Why does one integral converge and not the other? Maybe I am just not thinking this through properly but why does. Or maybe I'm just trusting wolfram alpha too much
(1) Doesn't Converge
$$\int_{0}^{\frac{1}{1.95}} \frac{1}{1-1.95x}dx$$
(2) Does Converge 
$$\int_{0}^{\frac{1}{1.95}} \frac{1.01}{1-1.95x}dx$$
(3) Does Converge 
$$\int_{0}^{\frac{1}{1.95}} \frac{0.99}{1-1.95x}dx$$
I would intuitively think that since (1) doesnt converge and (2) and (3) shouldn't, I may just thinking of this too simply
 A: Since all three integrands are scalar multiples one of another, the three integrals should behave analogously. In particular, they all diverge, since
$$\int_0^{\frac1{1.95}}\frac1{1-1.95x}dx=\lim_{a\to{\frac1{1.95}}^-}\frac1{-1.95}\log(1-1.95x)|_0^a=+\infty,$$
and any constant different from one could be taken out of the integral and wouldn't change the result (except for the zero, and for the sign of $\infty$ if it were negative.)
A: The improper integral is not difficult:
$$
\int_0^{\frac{1}{a}} \frac{y}{1-a x}\, dx
=\lim_{b\to\frac{1}{a}-} \int_0^b\frac{y}{1-a x}\, dx
= \lim_{b\to \frac{1}{a}-}-\frac{y}{a}\ln(1-a x)\bigg|_{x=0}^{b}\tag{1}
$$
where $a=1.95$.
Unless $y=0$, the limit in (1) does not converge.

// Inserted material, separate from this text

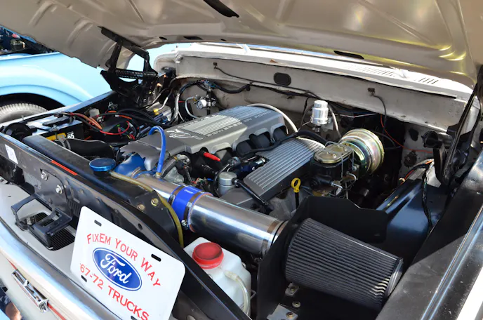 Yeah, Boss 9 as in Boss 429. Need we really say more? This Boss 429 shoved in the F100 of Lee and Lana Smith of Broadway, Virginia is one nasty looking pickup truck. From the legendary Boss 429 up front to a massive tire shoved under the rear tubs out back, this truck screams nasty.

A: This definitely seems to be a bug in Wolfram Alpha.  If you look at computation lower on the page, it gives the Cauchy principal value of the integral as $16.5433$  Apparently, when the numerator is not $1$, it's reporting the Cauchy principal value as the value of the (divergent) integral.